En revanche, les films de Tollywood optent pour des scénarios qui semblent plus proche des cultures régionales, pour des décors locaux et surtout pour des chorégraphies musicales qui tendent à démontrer que les Etats du Sud, notamment l’Andhra Pradesh et le Telangana, où il a le statut de langue officielle, n’ont rien à envier à Bollywood.

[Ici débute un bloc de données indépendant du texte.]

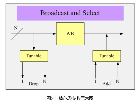 波長阻斷器用阻斷下路波長通過來實(shí)現(xiàn)功能,它可以支持較多的光通道數(shù)和較小的通道間隔,具有較低的色散,并可實(shí)現(xiàn)多個(gè)器件的級聯(lián),易于實(shí)現(xiàn)光譜均衡。但波長阻斷器需要額外的上下路模塊來構(gòu)建系統(tǒng),上下路配合可調(diào)濾波器和可調(diào)激光器。從本質(zhì)上講,WB是一個(gè)二維器件,通常在構(gòu)建系統(tǒng)中由多個(gè)分立器件構(gòu)成,體積較大,但可以支持100GHz和50GHz的波道間隔,并且技術(shù)成熟,成本較低,因此適合用于LH和ULH系統(tǒng)。圖2所示的是廣播/選取結(jié)構(gòu)示意圖。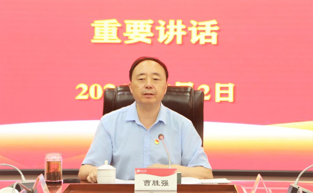 曹胜强强调,要聚焦立德树人根本任务,弘扬党的光荣传统、赓续红色血脉,努力培养担当民族复兴大任的时代新人。我们要把学习贯彻习近平总书记庆祝中国共产党100周年大会上的重要讲话精神,当做当前和今后一个时期的重大政治任务。新的征程上,我们必须坚持党的基本理论、基本路线、基本方略,统筹推进“五位一体”总体布局、协调推进“四个全面”战略布局,全面深化改革开放,立足新发展阶段,完整、准确、全面贯彻新发展理念,构建新发展格局,推动高质量发展,推进科技自立自强。我们要把习近平总书记的讲话精神贯彻到学校事业发展上来,贯彻到学校党委确定的“三步走”战略安排、“五大强校”发展战略、“十大工程”结合起来,推动学校高质量发展。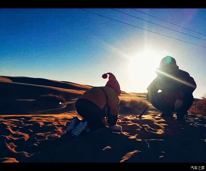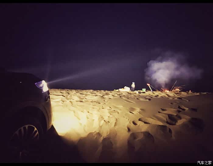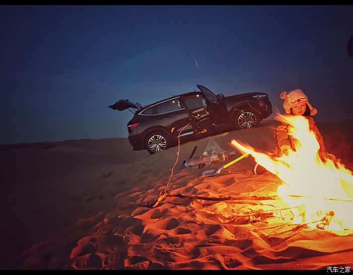 首先找到一个相对避风的沙丘下面,然后挖个大坑开始生火。因为不能长时间在车里睡觉这样是很危险的。对于孩子来说玩沙子和玩火都是很开心的,而且沙漠里生火是可以被降解的,而且也不会因为火星引起林区大火。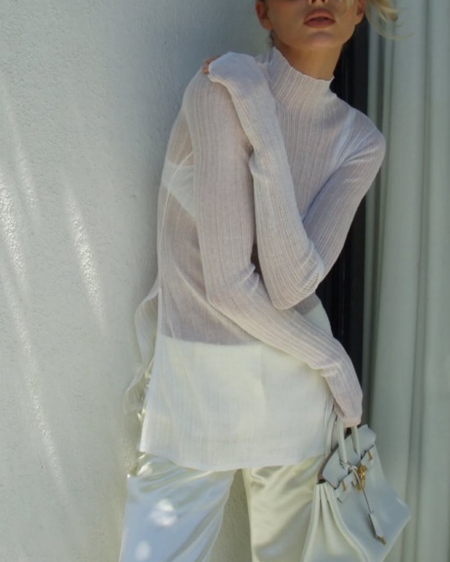 helsa casual sheer long sleeve top - justin knit top in optic white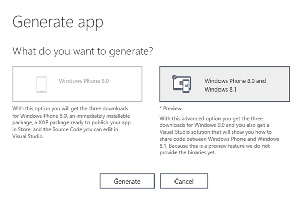 Wenn man den generierten (Preview) Source Code lädt, erhält man zwei Projekte – fürs Phone und für Win 8.1: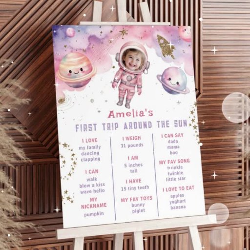 Premier voyage autour du soleil Anniversaire Photo étape Poster Objets correspondants disponibles.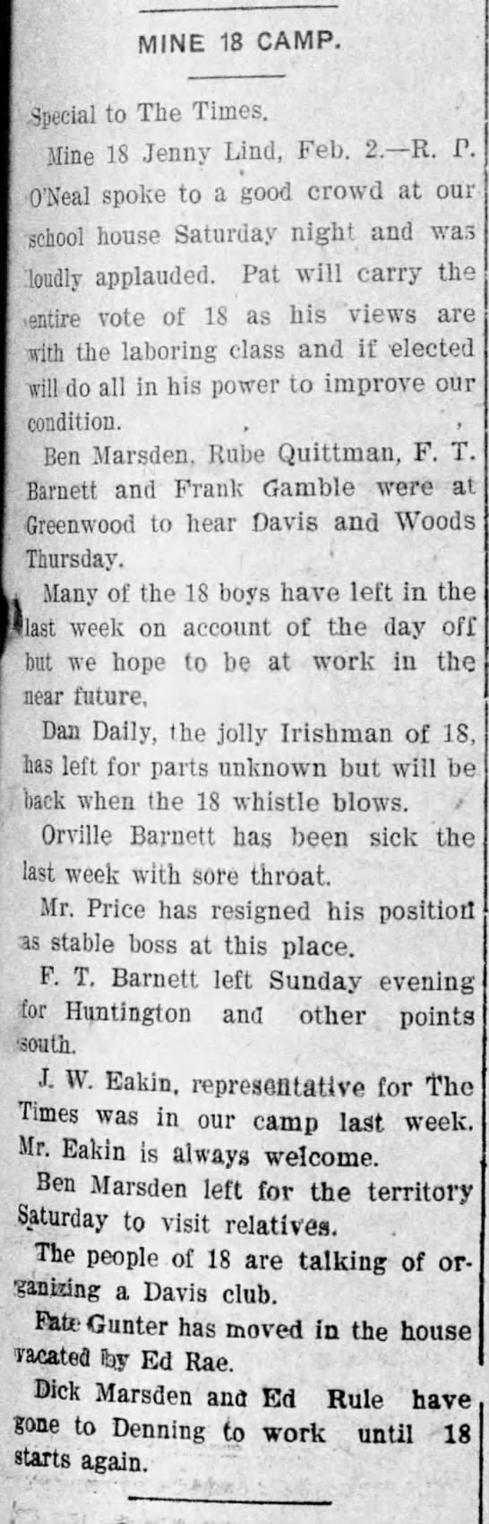 Mine Camp 18 News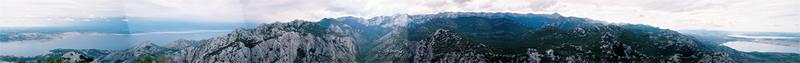 Ungefär 360 graders panoramavy från toppen av Anica kuk. Vattnet till vänster är Velebitski kanal, i centrum av bilden är dalgången från föregående bild.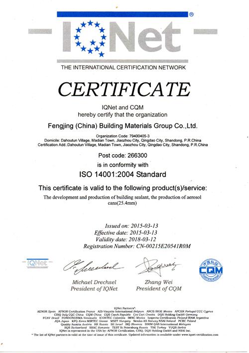 環(huán)境管理體系認(rèn)證證書 |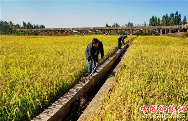 卢龙县卢龙镇武家沟村的村民在清理田间斗渠的淤泥(10月7日摄)。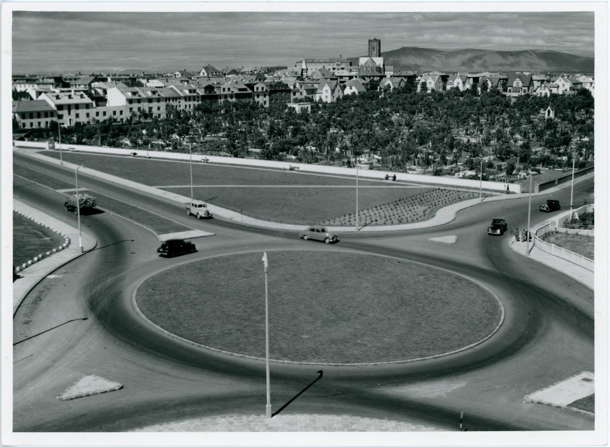 Hringtorg í forgrunni. Bílar á ferð. Sér í kirkjugarð með vaxandi trjágróðri í baksýn íbúðarbyggð og kirkja gnæfir yfir.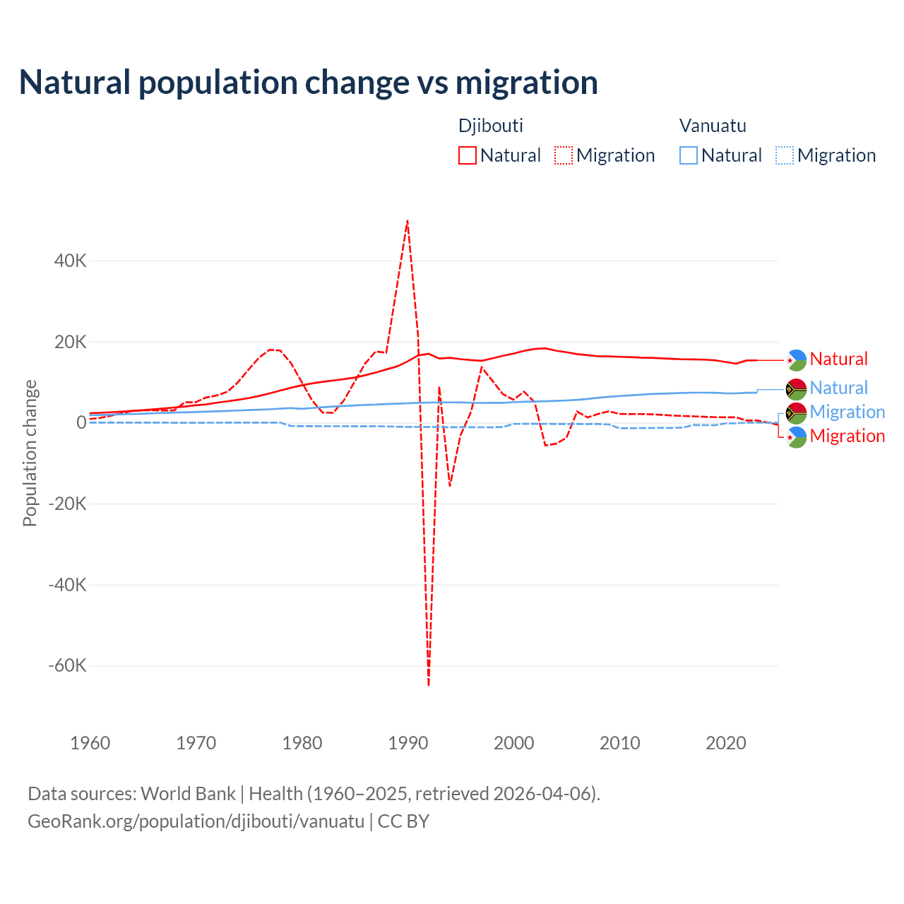 Over the last 10 years, 92.1% of the population change in Djibouti is from natural causes (a gain of 153,892 people) and 7.87% is from migration (a gain of 13,138 people). In Vanuatu 92.2% is from natural causes (a gain of 72,941 people) and 7.81% is from migration (a loss of 6,181 people).

L’on cite aussi ce boom technologique qui a métamorphosé l’industrie cinématographique en termes notamment des techniques de production (numérisation, son, image, réseau, effets spéciaux), mais aussi ces plateformes de streaming, également appelés plateformes over-the-top (OTT), qui permettent de visionner les dernières productions sans attendre une sortie en salles. Une révolution qui a permis aux Etats indiens, même les moins riches et les plus distanciés, de caresser leur propre rêve cinématographique loin de Mumbai, fief de Bollywood.

Quoi qu’il en soit, le cinéma indien, tourné à Bollywood ou à Tollywood, continue de faire vibrer les cœurs et les corps. Du premier long-métrage indien parlant, « Alam Ara » sorti en 1931, jusqu’à les toutes dernières superproductions, le 7e art indien ne cesse de façonner l’imaginaire commun et de construire l’identité de tout un pays, abstraction faite des appartenances ethniques, culturelles ou cultuelles.